Los Angeles Constance Moore, the glamorous singer-actress who co-starred in a string of World War II-era movie musicals and gained cult-film status as Buster Crabbe’s co-star in the 1939 “Buck Rogers” serial, has died. She was 84.

Moore died Sept. 16 of heart failure at the Motion Picture and Television Country House and Hospital in the Woodland Hills section of Los Angeles after a long illness, said her son Michael Maschio.

A former vocalist on a Dallas radio show before being discovered by a Universal talent scout and arriving in Hollywood as a teenager in 1937, the versatile Moore appeared in comedies, dramas, Westerns and musicals.

Moore may be best remembered for playing the daughter of W.C. Fields’ Larson E. Whipsnade in the classic 1939 comedy “You Can’t Cheat an Honest Man” and for co-starring with Crabbe in “Buck Rogers,” the 1939 science-fiction serial based on the popular comic strip.

Marta Bohn-Meyer, 48, pilot, NASA engineer

Lancaster, Calif. Marta Bohn-Meyer, a precision aerobatic pilot and the chief engineer of the National Aeronautics and Space Administration’s Dryden Flight Research Center at Edwards Air Force Base north of Los Angeles, has died in the crash of her private plane. She was 48.

Bohn-Meyer, who lived in Lancaster, Calif., and was off duty, died last Sunday near Yukon, Okla., an Oklahoma City suburb, when the Giles G-300 she was flying crashed as she began routine aerobatic practice.
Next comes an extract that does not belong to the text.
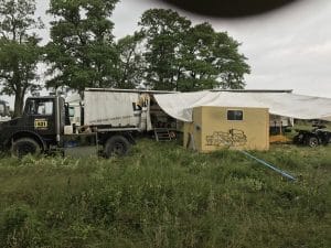 Nachdem wir heute Morgen den Umzug ins neue Camp abgeschlossen hatten ging es gleich zur ersten Tagesetappe. Vorstart war in Szczecinek auf dem Marktplatz um der Öffentlichkeit etwas Rallye Sport zu präsentieren. Leider gab es während der Etappe dann Probleme mit der Kupplung und mit dem Zündschloss. Das Service Team wurde kurz per Handy informiert und konnten so schon die passenden Ersatzteile für die kurze Service-Pause zwischen den Etappen zurechtlegen. Nach Ankunft im Service Bereich konnten wir alle Probleme notdürftig beseitigen und nach nur 30 Minuten ging es auf die zweite Etappe. Heute Abend steht also ein großer Service an…😊

Bohn-Meyer joined NASA’s Dryden Center as an operations engineer in 1979 and had been chief engineer since 2001.

Among her research projects were testing heat-resistant tiles for the space shuttle and utilizing F-16XL aircraft to smooth airflow over airplane wings with the goal of building faster and larger commercial airliners.

She was one of only two flight engineers – the other is her husband, Bob Meyer – assigned to fly in the SR-71 Blackbird flight research program at Dryden.